The parsing of the SYN-SYNACK-ACK will be discussed in the
"3 Way HandShake" section.

The default is off for all of the above new CB flags, i.e. the bpf prog
will not be called to parse or write bpf hdr option.  There are
details comment on these new cb flags in the UAPI bpf.h.

sock_ops->skb_data and bpf_load_hdr_opt()
─────────────────────────────────────────
sock_ops->skb_data and sock_ops->skb_data_end covers the whole
TCP header and its options.  They are read only.

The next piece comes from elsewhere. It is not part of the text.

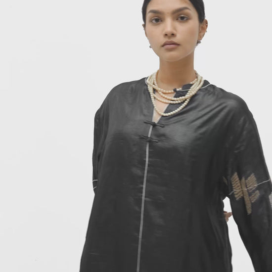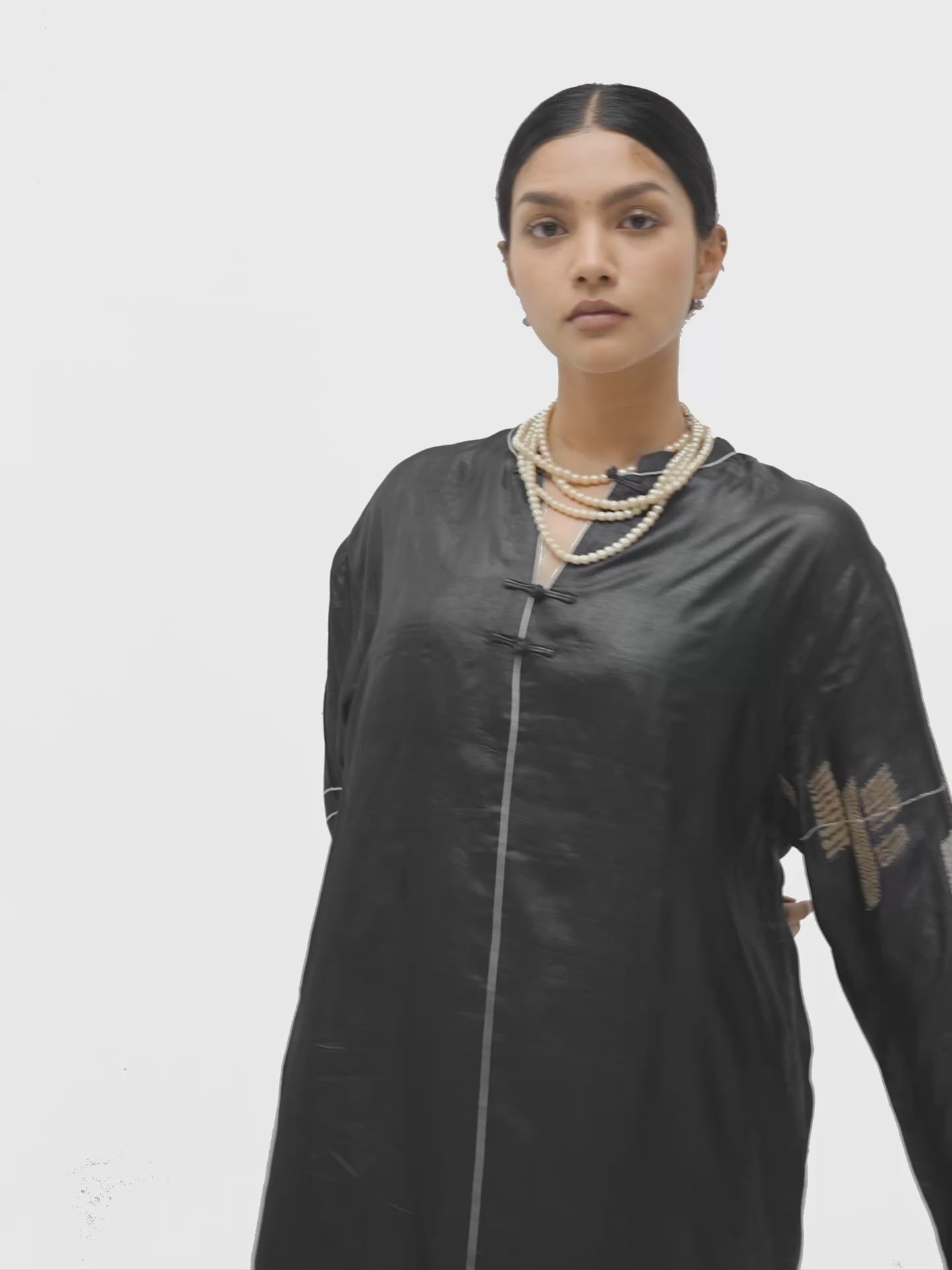 Crafted from supple, lightweight tussar silk, this straight tunic is versatile luxury—perfect as formal attire or elevating everyday chic. Paired with our ribbed capri pants with stitch details in silk cotton, it creates a distinctive statement ensemble .

The new bpf_load_hdr_opt() helps to read a particular option "kind"
from the skb_data.

Please refer to the comment in UAPI bpf.h.  It has details
on what skb_data contains under different sock_ops->op.

3 Way HandShake
───────────────
The bpf-prog can learn if it is sending SYN or SYNACK by reading the
sock_ops->skb_tcp_flags.

* Passive side

When writing SYNACK (i.e. sock_ops->op == BPF_SOCK_OPS_WRITE_HDR_OPT_CB),
the received SYN skb will be available to the bpf prog.  The bpf prog can
use the SYN skb (which may carry the header option sent from the remote bpf
prog) to decide what bpf header option should be written to the outgoing
SYNACK skb.  The SYN packet can be obtained by getsockopt(TCP_BPF_SYN*).
More on this later.  Also, the bpf prog can learn if it is in syncookie
mode (by checking sock_ops->args[0] == BPF_WRITE_HDR_TCP_SYNACK_COOKIE).

The bpf prog can store the received SYN pkt by using the existing
bpf_setsockopt(TCP_SAVE_SYN).  The example in a later patch does it.
[ Note that the fullsock here is a listen sk, bpf_sk_storage
  is not very useful here since the listen sk will be shared
  by many concurrent connection requests.

  Extending bpf_sk_storage support to request_sock will add weight
  to the minisock and it is not necessary better than storing the
  whole ~100 bytes SYN pkt. ]

When the connection is established, the bpf prog will be called
in the existing PASSIVE_ESTABLISHED_CB callback.  At that time,
the bpf prog can get the header option from the saved syn and
then apply the needed operation to the newly established socket.
The later patch will use the max delay ack specified in the SYN
header and set the RTO of this newly established connection
as an example.

The received ACK (that concludes the 3WHS) will also be available to
the bpf prog during PASSIVE_ESTABLISHED_CB through the sock_ops->skb_data.
It could be useful in syncookie scenario.  More on this later.

There is an existing getsockopt "TCP_SAVED_SYN" to return the whole
saved syn pkt which includes the IP[46] header and the TCP header.
A few "TCP_BPF_SYN*" getsockopt has been added to allow specifying where to
start getting from, e.g. starting from TCP header, or from IP[46] header.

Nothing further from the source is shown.